Don’t get me wrong, I think it’s the hardest genre to write (in academia, economy of words is not our strong suit). But for some reason, to me, a lot of poems sound like they’re working too hard to sound like their genre. It’s odd, but sometimes poems just sound too much like poems.
Which is why I admire Tony Hoagland. I’m not literary enough to put my finger on it, but his poems don’t sound like they’re trying to be poems—they just are.

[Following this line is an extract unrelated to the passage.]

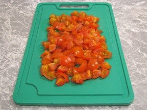- Lave los tomates, cortados en trozos pequeños.

Recently, in a conversation about the many useful words that simply don’t exist in English, I remembered this particular gem of Hoagland’s.
There Is No Word
BY TONY HOAGLAND
There isn’t a word for walking out of the grocery store
with a gallon jug of milk in a plastic sack
that should have been bagged in double layers
—so that before you are even out the door
you feel the weight of the jug dragging
the bag down, stretching the thin
plastic handles longer and longer
and you know it’s only a matter of time until
bottom suddenly splits.
There is no single, unimpeachable word
for that vague sensation of something
moving away from you
as it exceeds its elastic capacity
—which is too bad, because that is the word
I would like to use to describe standing on the street
chatting with an old friend
as the awareness grows in me that he is
no longer a friend, but only an acquaintance,
a person with whom I never made the effort—
until this moment, when as we say goodbye
I think we share a feeling of relief,
a recognition that we have reached
the end of a pretense,
though to tell the truth
what I already am thinking about
is my gratitude for language—
how it will stretch just so much and no farther;
how there are some holes it will not cover up;
how it will move, if not inside, then
around the circumference of almost anything—
how, over the years, it has given me
back all the hours and days, all the
plodding love and faith, all the
misunderstandings and secrets
I have willingly poured into it.
(Source: Poetry, July/August 2012).
An ode to language. No flowery metaphors. And best of all, no contrived alliteration in an attempt to sound patently poetic.
If anyone more literary than I can put a finger on Hoagland’s what makes this poem lyrical, powerful, but not too poem-y, please let me know. Similarly, if you know more like him, do send their names my way!
Regardless, enjoy the poem, and relish in those little stretchy holes in the plastic bag that is our language.